Ludwig Erhard ist den Deutschen als Begründer der sozialen Marktwirtschaft in guter, als Bundeskanzler in eher schwacher Erinnerung. Erhard folgte 1963 Konrad Adenauer, was einfacher klingt, als es war, weil Adenauer ihn gern als Kanzler verhindert hätte. Wer etwas Grundsätzliches lernen will über politische Mechanismen, Macht und Härte, dem sei das Buch von Daniel Koerfer über diese Fehde empfohlen.
"Kampf ums Kanzleramt" enthält eine meiner politischen Lieblingsanekdoten. Sie handelt von der Beschwerde eines CDU-Abgeordneten an die Adresse Adenauers, die Unionsfraktion wolle nicht wie Stimmvieh behandelt werden und zu den Entscheidungen des Kanzlers bloß noch Ja und Amen sagen. Worauf Adenauer dem Abgeordneten entgegenkam: "Es genügt, wenn Sie Ja sagen."

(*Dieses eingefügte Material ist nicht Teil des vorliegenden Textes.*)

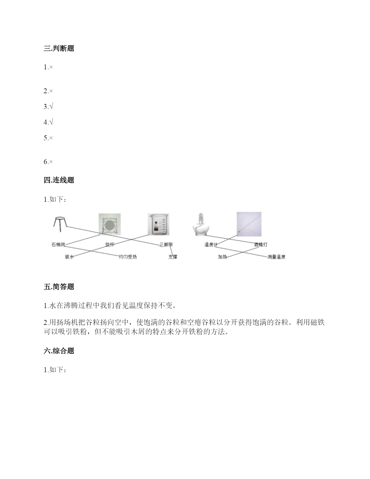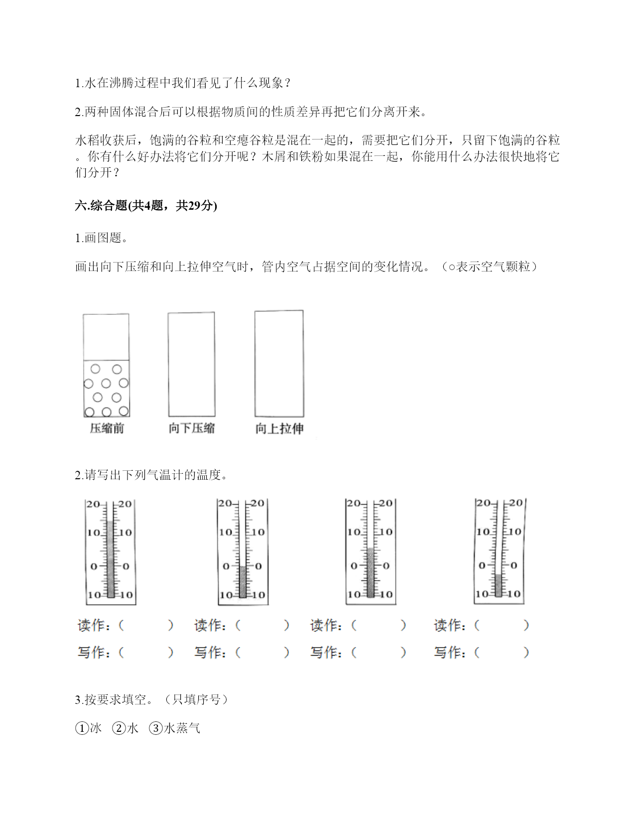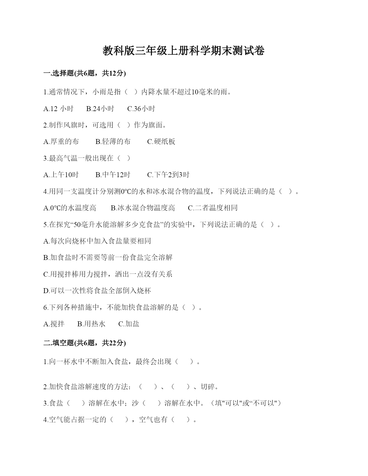教科版三年级上册科学期末测试卷一.选择题(共6题,共12分)1.通常情况下,小雨是指()内降水量不超过10毫米的雨。A.12小时B.24小时C.36小时2.制作风旗时,可选用()作为旗面。A.厚重的布B.轻薄的布C.硬纸板3.最高气温一般出现在()A.上午10时B.中午12时C.下午2到3时4.用同一支温度计分别测0℃的水和冰水混合物的温度,下列说法正确的是()。A.0℃的水温度高B.冰水混合物温度高C.二者温度相同5.在探究“50毫升水能溶解多少克食盐”的实验中,下列说法正确的是()。A.每次向烧杯中加入食盐量要相同B.加食盐时不需要等前一份食盐完全溶解C.用搅拌棒用力搅拌,洒出一点没有关系D.可以一次性将食盐全部倒入烧杯6.下列各种措施中,不能加快食盐溶解的是()。A.搅拌B.用热水C.加盐二.填空题(共6题,共22分)1.向一杯水中不断加入食盐,最终会出现()。2.加快食盐溶解速度的方法:()、()、切碎。3.食盐()溶解在水中;沙()溶解在水中。(填"可以"或“不可以")4.空气能占据一定的(),空气也有()。5.堵住注射器的管口,往外拉活塞,注射器中的空气数量(),间距()。6.水从液体变成()的过程就是结冰,结冰后的体积会()。三.判断题(共6题,共12分)1.做水结冰的实验时,需要用到的装水的仪器是烧杯。()2.冰融化成水,体积会膨胀。()3.一般情况下,空气是气体。()4.空气有一定的质量,但是质量很轻。()5.实验时,可以用燃着的酒精灯对火。()6.有生命的物体都离不开空气。()四.连线题(共1题,共9分)1.科学老师在整理实验室的时候找到了一些仪器,你能帮老师辨认出它们的名称及作用吗?请试着连连看。石棉网烧杯三脚架温度计酒精灯装水均匀受热支撑加热测量温度五.简答题(共2题,共13分)1.水在沸腾过程中我们看见了什么现象?2.两种固体混合后可以根据物质间的性质差异再把它们分离开来。水稻收获后,饱满的谷粒和空瘪谷粒是混在一起的,需要把它们分开,只留下饱满的谷粒。你有什么好办法将它们分开呢?木屑和铁粉如果混在一起,你能用什么办法很快地将它们分开?六.综合题(共4题,共29分)1.画图题。画出向下压缩和向上拉伸空气时,管内空气占据空间的变化情况。(○表示空气颗粒)2.请写出下列气温计的温度。3.按要求填空。(只填序号)①冰②水③水蒸气(1)()没有固定的形状,但有一定的体积。(2)()有一定的形状和体积。(3)()没有固定的形状和体积,存在于空气中。4.实验探究。1.在简易天平的两端各放入一个充好气的皮球和若干豆子,让天平达到()2.取出皮球,用打气筒打入10筒空气,再把皮球放回天平一端的小桶里,天平会向()端倾斜,如果想让天平重新平衡,需要向()端的小桶里加人豆子。3.天平重新达到平衡后,将皮球放出一部分气,天平会向()端倾斜,如果想让天平重新平衡,需要向()端的小桶里加人豆子。参考答案一.选择题1.B2.B3.C4.C5.A6.C二.填空题1.沉淀2.搅拌;加热3.可以;不可以4.空间;质量(重量)5.不变;增大6.固体;变大三.判断题1.×2.×3.√4.√5.×6.×四.连线题1.如下:五.简答题1.水在沸腾过程中我们看见温度保持不变。2.用扬场机把谷粒扬向空中,使饱满的谷粒和空瘪谷粒以分开获得饱满的谷粒。利用磁铁可以吸引铁粉,但不能吸引木屑的特点来分开铁粉的方法。六.综合题1.如下:2.十五摄氏度;零摄氏度;六摄氏度;零下摄氏度;15℃;0℃;6℃;-3℃3.②;①;③4.平衡;皮球;豆子;豆子;皮球

Doch zurück zu Ludwig Erhard. Obwohl er 1965 für CDU und CSU die Bundestagswahl mit einem Ergebnis (47,6 Prozent) gewann, das Union und SPD heute sogar gemeinsam nur mit Ach und Krach erzielen würden, regierte Erhard insgesamt nur drei Jahre. 1966 verließ ihn sein Koalitionspartner – und Sie werden gleich verstehen, warum das auch mit Blick auf die Gegenwart eine interessante Geschichte ist.
Dieser Tage ist nämlich ein Buch erschienen, das man mit etwas gutem Willen als Erhards Memoiren bezeichnen kann. Es enthält ein Manuskript, das der Ex-Kanzler einige Jahre nach seinem Abgang bei seinem Vertrauten Hans "Johnny" Klein in Auftrag gab, an den sich mancher noch als späteren Regierungssprecher von Helmut Kohl erinnert. Klein schrieb in der Ich-form, also im Namen Erhards, über dessen Kanzlerzeit. Von der historischen Forschung wurde das Manuskript lange übersehen, nun hat es der Historiker Ulrich Schlie entdeckt und eingeordnet. Die Ludwig-Erhard-Stiftung hat es als Buch herausgegeben.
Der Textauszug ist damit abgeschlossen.